# How to complete this task
Please make an exact copy of the listing, without the pictures.

# Supplied information

####################

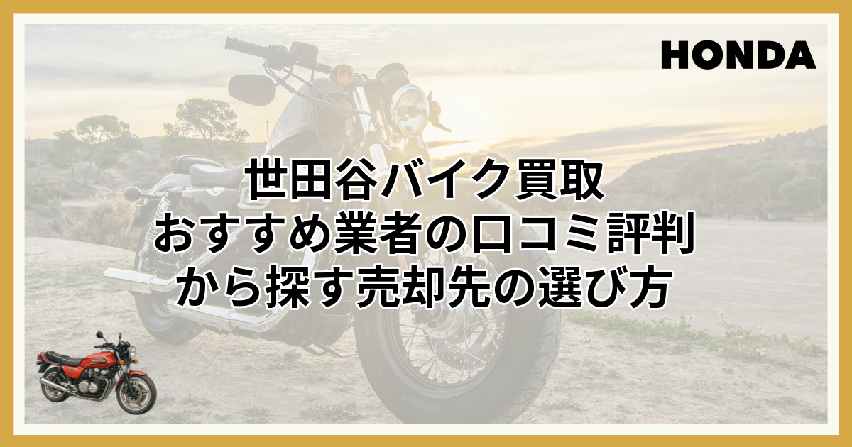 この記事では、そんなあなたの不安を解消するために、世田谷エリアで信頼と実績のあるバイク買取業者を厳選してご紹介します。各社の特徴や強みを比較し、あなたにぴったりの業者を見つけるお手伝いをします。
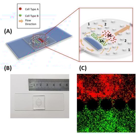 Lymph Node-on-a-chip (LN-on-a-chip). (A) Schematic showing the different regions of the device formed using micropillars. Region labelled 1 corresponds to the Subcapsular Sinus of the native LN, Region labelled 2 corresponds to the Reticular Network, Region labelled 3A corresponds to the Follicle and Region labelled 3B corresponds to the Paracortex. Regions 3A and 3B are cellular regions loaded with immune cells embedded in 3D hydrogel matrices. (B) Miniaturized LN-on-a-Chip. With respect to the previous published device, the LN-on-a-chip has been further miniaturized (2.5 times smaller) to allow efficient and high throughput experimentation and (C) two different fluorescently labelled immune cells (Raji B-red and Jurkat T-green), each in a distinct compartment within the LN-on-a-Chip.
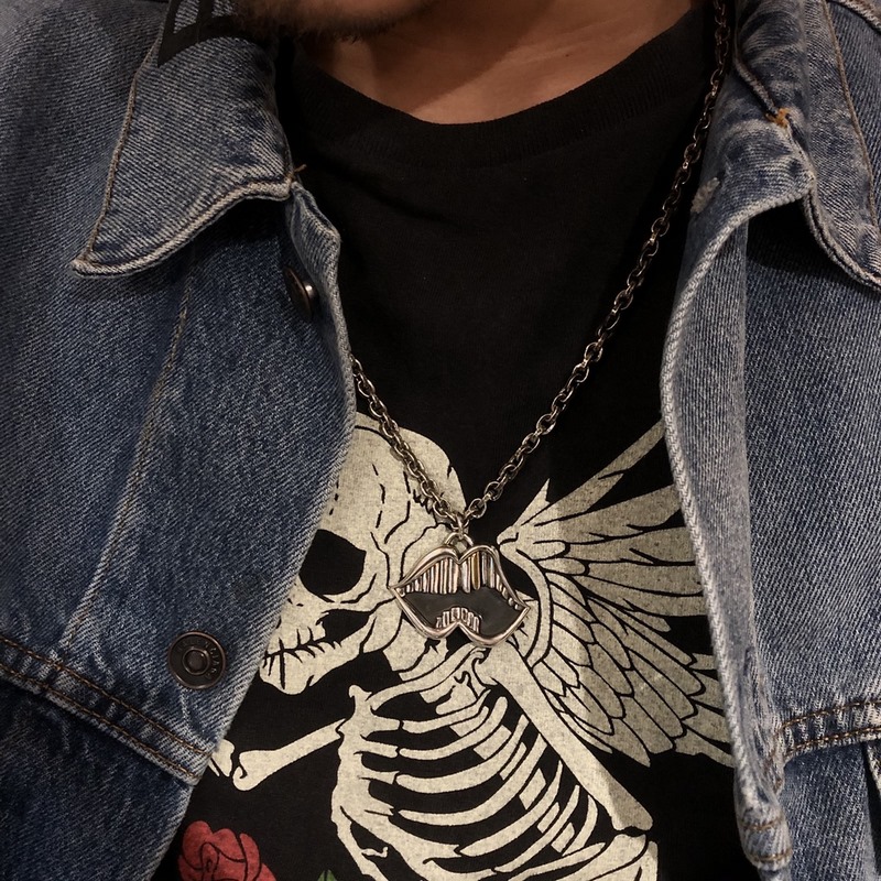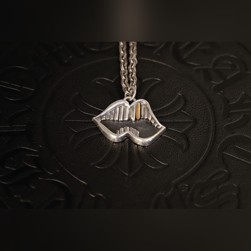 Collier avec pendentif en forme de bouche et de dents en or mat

####################

# Answer
 この記事では、そんなあなたの不安を解消するために、世田谷エリアで信頼と実績のあるバイク買取業者を厳選してご紹介します。各社の特徴や強みを比較し、あなたにぴったりの業者を見つけるお手伝いをします。
 Lymph Node-on-a-chip (LN-on-a-chip). (A) Schematic showing the different regions of the device formed using micropillars. Region labelled 1 corresponds to the Subcapsular Sinus of the native LN, Region labelled 2 corresponds to the Reticular Network, Region labelled 3A corresponds to the Follicle and Region labelled 3B corresponds to the Paracortex. Regions 3A and 3B are cellular regions loaded with immune cells embedded in 3D hydrogel matrices. (B) Miniaturized LN-on-a-Chip. With respect to the previous published device, the LN-on-a-chip has been further miniaturized (2.5 times smaller) to allow efficient and high throughput experimentation and (C) two different fluorescently labelled immune cells (Raji B-red and Jurkat T-green), each in a distinct compartment within the LN-on-a-Chip.
 Collier avec pendentif en forme de bouche et de dents en or mat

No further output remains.